### Work task
Give all of the data below again exactly, and drop the images.

### Information shown
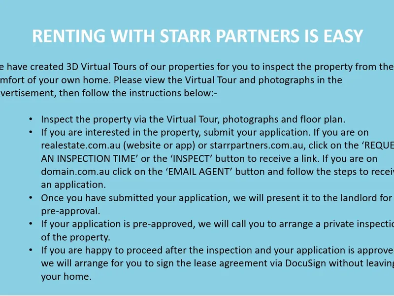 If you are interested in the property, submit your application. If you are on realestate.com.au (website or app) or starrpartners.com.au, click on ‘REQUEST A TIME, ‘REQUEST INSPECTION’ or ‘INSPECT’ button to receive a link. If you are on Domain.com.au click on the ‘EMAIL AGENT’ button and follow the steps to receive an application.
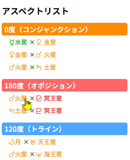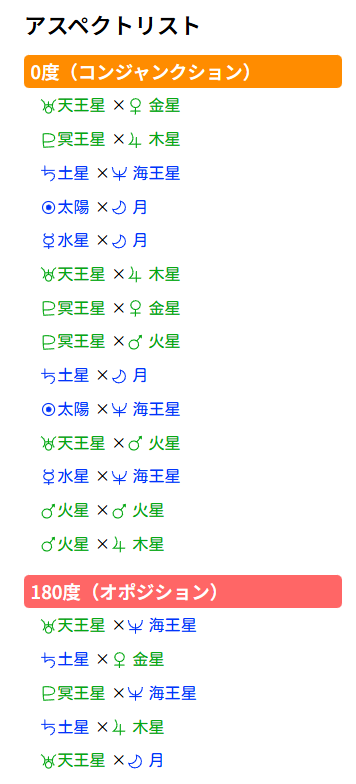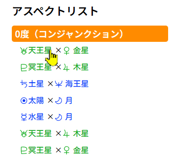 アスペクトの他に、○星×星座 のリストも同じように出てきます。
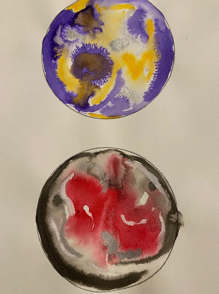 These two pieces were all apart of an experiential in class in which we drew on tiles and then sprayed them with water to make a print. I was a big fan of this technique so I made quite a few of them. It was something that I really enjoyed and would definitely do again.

### Result of the task
 If you are interested in the property, submit your application. If you are on realestate.com.au (website or app) or starrpartners.com.au, click on ‘REQUEST A TIME, ‘REQUEST INSPECTION’ or ‘INSPECT’ button to receive a link. If you are on Domain.com.au click on the ‘EMAIL AGENT’ button and follow the steps to receive an application.
 アスペクトの他に、○星×星座 のリストも同じように出てきます。
 These two pieces were all apart of an experiential in class in which we drew on tiles and then sprayed them with water to make a print. I was a big fan of this technique so I made quite a few of them. It was something that I really enjoyed and would definitely do again.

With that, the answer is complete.